Associating Secure Sockets Layer configurations centrally with inbound and outbound scopes

After you create a Secure Sockets Layer (SSL) configuration, you must associate a secure inbound or outbound management scope with the new configuration. You can manage the association centrally so that you can easily make changes that affect all the scopes that are lower on the topology and that are associated with the configuration. Beginning with WebSphere® Application Server version 6.1, the recommended and the default configuration method is centrally managed SSL configurations.

Before you begin

You can simplify the number of associations that you need to make for an SSL configuration by associating the configuration with the highest level management scope requiring a unique configuration. SSL configuration associations manifest inheritance behaviors. Because of the inheritance behaviors, all of the scopes that are lower on the topology inherit this SSL configuration. For example, an association you make at the cell level affects nodes, servers, clusters, and endpoints. For more information, see Central management of SSL configurations.
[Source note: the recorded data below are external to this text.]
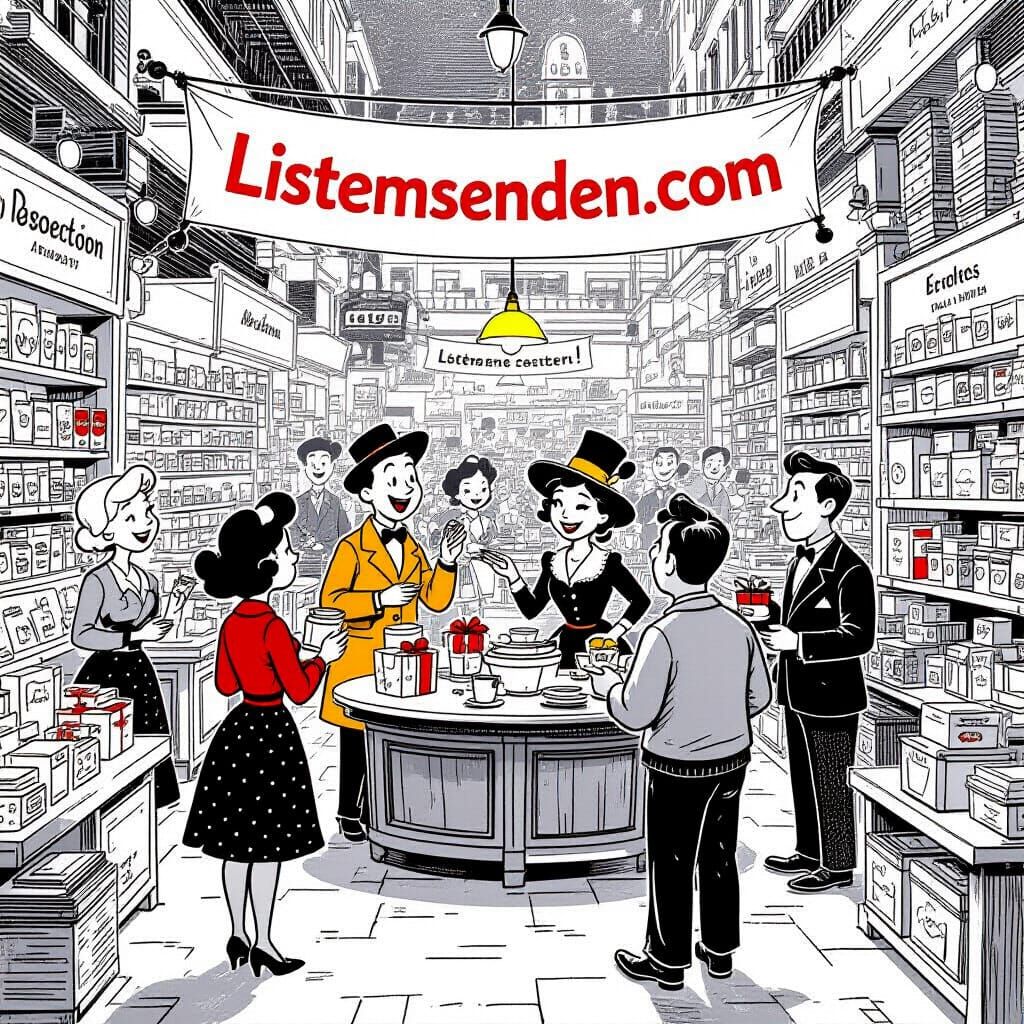 This image shows people creating gift registries on a website, with store owners adding products and friends purchasing gifts. Rendered as a detailed charcoal drawing with dynamic lighting, it captures a bustling digital interface.
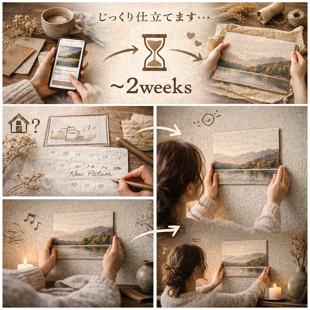 「あの一枚が、どんな風に仕上がって届くかな」 「届いたら、あの壁のあの場所に飾ろう」
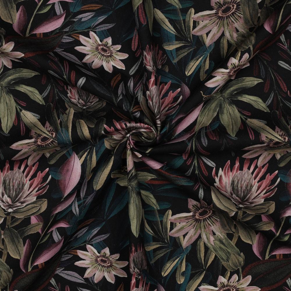 - >Metrsko blago>Blago za dom in dekorativo>Lažje dekorativno blago>Vzorci>Deko bombaž Cvetoča džungla | črna | digitalni tisk | 100%CO
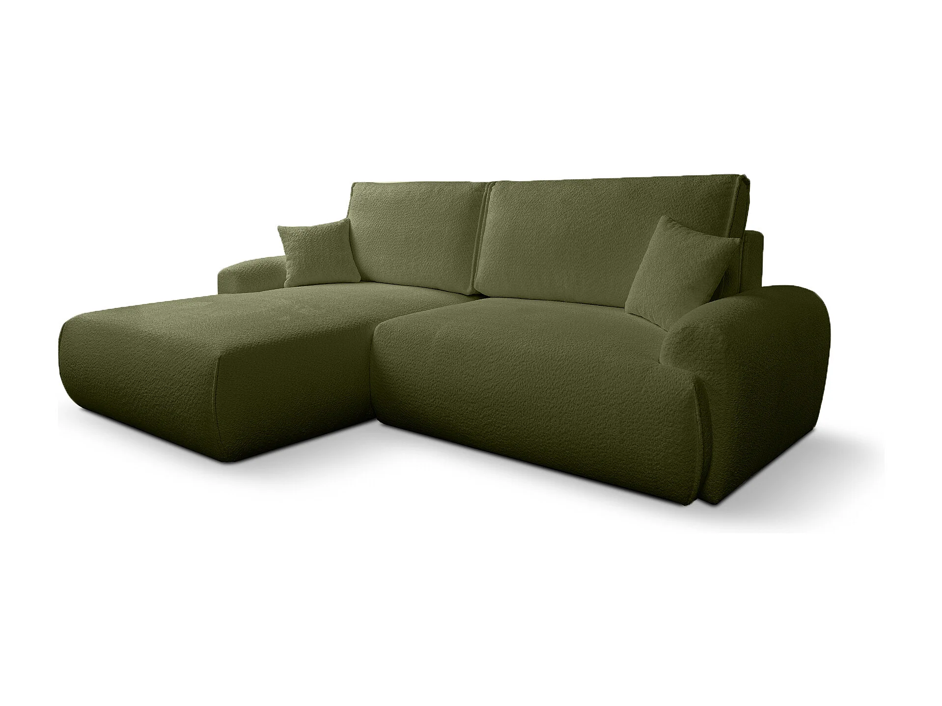 Canapé d’angle gauche Noboo avec fonction de couchage et coffre en bouclé vert foncé – direct fabricant, livraison et installation offertes !

A precedence rule determines which SSL configuration association is used at a particular scope. The highest precedence is given to endpoints on the topology. If you establish an association at the endpoint, this association overrides any prior association that you made higher up on the management scope topology.

About this task

Complete the following steps in the administrative console:

Procedure

  1. Click Security > SSL certificate and key management.
  2. Select the Dynamically update the runtime when SSL configuration changes check box if you want changes that you make to an existing SSL configuration to occur dynamically. All outbound SSL communications honor the dynamic SSL changes. Protocols that do not use the channel frameworks SSL channel for inbound communications, including Object Request Broker (ORB) and administrative SOAP protocols, do not honor dynamic updates. For more information, see Dynamic configuration updates in SSL.
  3. Click Manage endpoint security configurations.
  4. Select either the inbound or the outbound tree.
    After finishing the selected tree, you can return to this step to repeat the following steps for the other tree.
  5. Click the link for the selected cell, node, node group, server, cluster, or endpoint on the topology tree.
    If the scope already has an associated SSL configuration and alias, these objects display in parentheses immediately following the scope name, for example: Node01(NodeDefaultSSLSettings,default). If the deployment manager has federated a node, the node scope SSL configuration overrides the cell scope configuration above it in the topology.
  6. Decide whether to override the inherited values that display in the read-only fields.
    Read-only fields include the management scope name, the direction, and the inherited SSL configuration name and certificate alias.
    • If you are satisfied with these values, do not override them.
    • If you want to override the inherited values, select the Override inherited values check box.
  7. Select an SSL configuration from the list.
  8. Click Update certificate alias list.
    The certificate alias list comes from the key store that is referenced by the new SSL configuration.
  9. Click Manage certificates if you want to manage the personal certificates that are contained in the key store that is referenced in the SSL configuration.
  10. Click Update certificate alias list to refresh the list of aliases.
  11. Select a certificate alias in the key store to represent the identity of the endpoint.
  12. Click OK to save your changes.
  13. Click Manage endpoint security configurations and trust zones to return to the topology tree.
  14. Configure the opposite direction on the topology tree using the steps in this task.
    You can also select additional scopes to associate with the SSL configuration, as needed.

Results

Each SSL configuration at the selected scope and at scopes beneath it on the topology tree have the same SSL configuration properties. The following SSL configuration methods override the centrally managed configurations that you associate in the tree view:
  • Direct selection at the endpoint
  • Dynamic outbound SSL configuration associations
  • Programmatic specifications

What to do next

At any management scope, you can configure the following objects: dynamic outbound endpoint SSL configurations, key stores, key sets, key set groups, key managers, and trust managers. Like SSL configurations, these objects are scoped automatically so that they are not visible higher up in the tree nor are they loaded during runtime by processes that are higher up in the tree.